Desperate-terrified out of my skull, to put it plainly- I stared ahead, steering down the middle of the street. I saw people running for cover, cars screeching to the curb, drivers jumping out and dashing into stores and doorways. The road now lay clear in front of me. The dusk was settling over it, a blue-gray darkness overcoming the last light of day.
I had an idea. I guess you could call it an idea. Moving that fast, that low, that close to buildings and the street, with the chopper on my tail and the gunman taking shots at me, I wasn’t exactly thinking, not in a way you’d call thinking, anyway. But things flashed into my mind, half thoughts, half images, half-formed. There was no time to sort them out or make decisions about them. But there was also no choice but to act-and pray.
What came to me was the idea of telephone lines: the telephone wires that go from pole to pole. It came to me that telephone wires were deadly to low-flying planes. You couldn’t see them until the last minute-in this light you probably couldn’t see them at all-and if you ran into them they grabbed you, tangled you up, and tossed you to the ground.
As our plane shot down the street toward the corner, I realized there must be wires right in front of me, crossing the street from one set of poles to another. In seconds, we would hit them and go down.
So here was my idea-my crazy, sort of idea. I let the plane sink lower. Lower. So low that the windows of three-story houses flashed by me. We were seconds away from reaching the corner-and we were headed directly at the wires, the telephone wires invisible in the twilight.
I waited. Waited.
Then I started to lift the Cessna’s nose. Not fast at first, not hard, just enough to make the plane rise a bit. I sent up a prayer that I’d have time to get enough altitude to go over the phone lines. I prayed the wires wouldn’t snag the landing gear that hung down from the bottom of the fuselage. I prayed-and lifted the nose farther.

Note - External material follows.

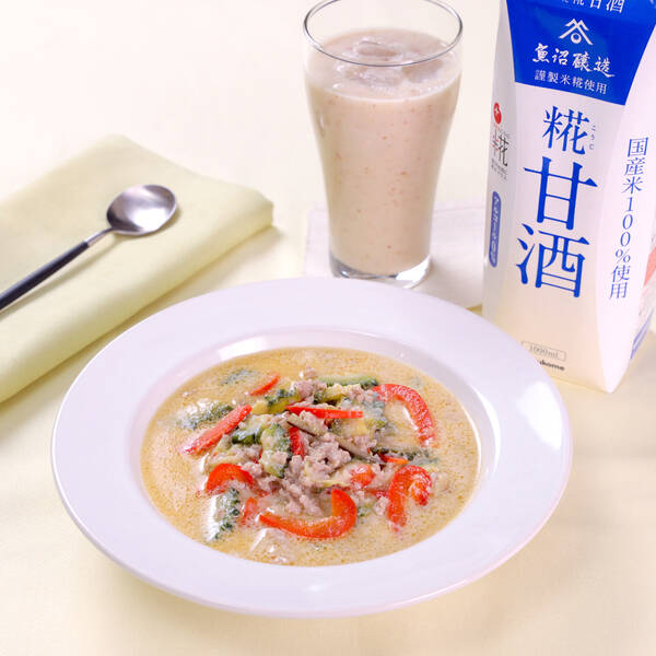 豚ひき肉と夏野菜の糀甘酒エスニックスープ
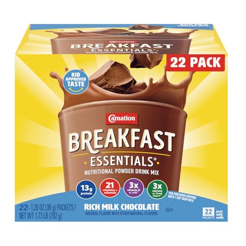 Carnation Breakfast Essentials Powder Drink Mix, Rich Milk Chocolate, 22 Count Box of 1.26 Ounce Packets.

We rose and rose… And then there they were. I saw them: the phone wires crossing the street, parallel black lines like the lines on a sheet of music. I pulled back hard on the yoke and gave the plane full throttle. We lifted up and up suddenly. The wires passed underneath us. And then I banked the plane hard to the left.
The plane came around fast, low over the low rooftops. We made a quick semicircle and were just in time to see what happened next.
As I’d guessed, the chopper was right behind us. It had come down low to trail us, to try to get another shot. It had been right on our tail, the gunman taking aim.
But the pilot hadn’t thought about the wires.
As the Cessna turned, I looked out the window and saw the chopper start its rise to come after us. It never made it. Instead, it seemed to stop stark-still-just stop right there in the air above the street as if it had been caught in the hand of an invisible giant. It had flown right into the phone wires. The next second, the force of the impact flipped it upside down, just like that.
The gunman was hurled off his perch in the open doorway. With the Cessna still turning, still rising, I saw his black form tumbling through the air toward the empty street. His body smacked against the pavement so hard I could almost feel the thud.